= Corneille Stroobant =

Corneille Stroobant (1811–1890) was a Belgian priest-scholar with a particular interest in local history and genealogy. He was a brother of Eugène Edouard Stroobant, member of the Belgian Chamber of Representatives and Flemish author.

==Life==
Stroobant was born in Turnhout on 6 November 1811, and studied at a secondary school there. He enrolled in the Archdiocesan Major Seminary, Mechelen, on 2 September 1833, and on 2 May 1836 was appointed to teach in the minor seminary in Hoogstraten. From 1845 to 1879 he was a missionary in Derby, England.

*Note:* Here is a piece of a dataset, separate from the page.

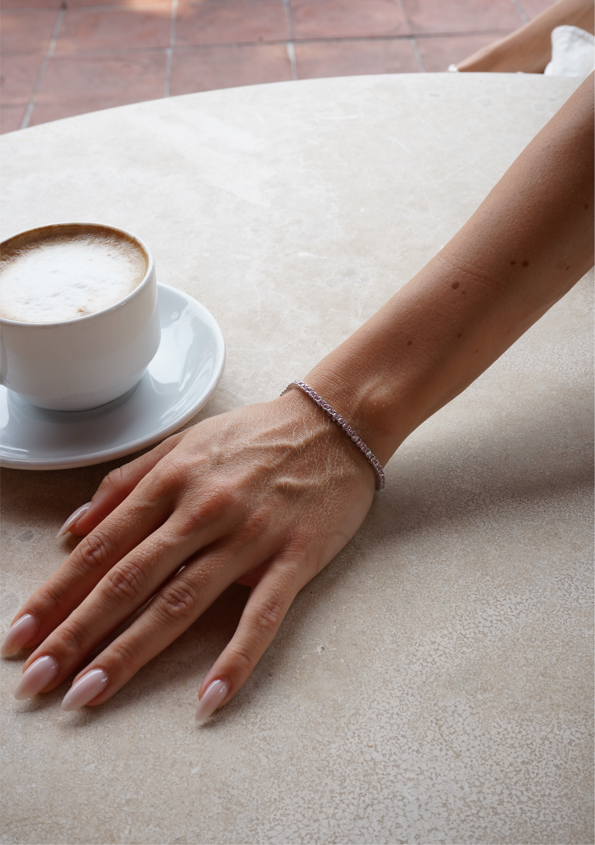 Our 2,5mm tennis bracelet is made in 100% sterling silver. It will last a lifetime if you treat it well. The bracelet is handcrafted with Pink AAA zirconia stones and a classical tennis lock. It's the perfect piece for women to make an extra statement.
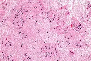 | Micrograph of a subependymoma showing the characteristic clustering of nuclei. H&E stain. | |

In retirement he lived in Brussels and dedicated his time to further research, publishing numerous articles in the Annales de l'Académie Royale d'Archéologie de Belgique and in the Mélanges bibliographiques inédits. He died in Brussels on 20 October 1890 and was buried in his family's vault in Wemmel.

==Works==
- Notice historique et généalogique sur les seigneurs d'Oisquercq et de Val (1848)
- Notice sur la fondation de la première messe dans l'église paroissiale de Hal-Notre-Dame (1849)
- Notice historique et généalogique sur les seigneurs de Braine-le-Château et Haut-Ittre (1849)
- Notice historique et généalogique sur les seigneurs de Tyberchamps (1851)
- Notices sur les quatre anciennes vicomtés de Hollande (1853)
- Histoire de la commune de Virginal (1853)
- Histoire de la commune de Feluy (1858)

==Memberships==

Corneille Stroobant was a member of numerous historical and literary learned societies: the Société pour l’Émancipation intellectuelle, Brussels; Tael- en letterlievend Genootschap De Dageraed, Turnhout (1843); Académie d’Archéologie de Belgique, Antwerp (1843); Nederduitsch Tael- en Letterkundig Genootschap, Brussels (1843); Leuvensch Tael- en Letterlievend Genootschap, Leuven (1844); Société Académique de Cherbourg (1847); Sociedad Arqueolójica Española, Madrid (1849); Société des Sciences, des Arts et des Lettres du Hainaut, Mons (1850); Historisch Genootschap, Utrecht (1851 en 1857); British Academy of Universal Industry, Science and Arts, London (1851); Académie Belge d’Histoire et de Philologie, Antwerp (1851); Société historique et archéologique à Maestricht, Maastricht (1854); Société des Antiquaires de l’Ouest, Poitiers (1854); Société des Archivistes de France, Paris (1855); Société d’Histoire et des Beaux-Arts de la Flandre maritime de France, Bergues (1856); Société scientifique et littéraire du Limbourg, Tongeren (1858).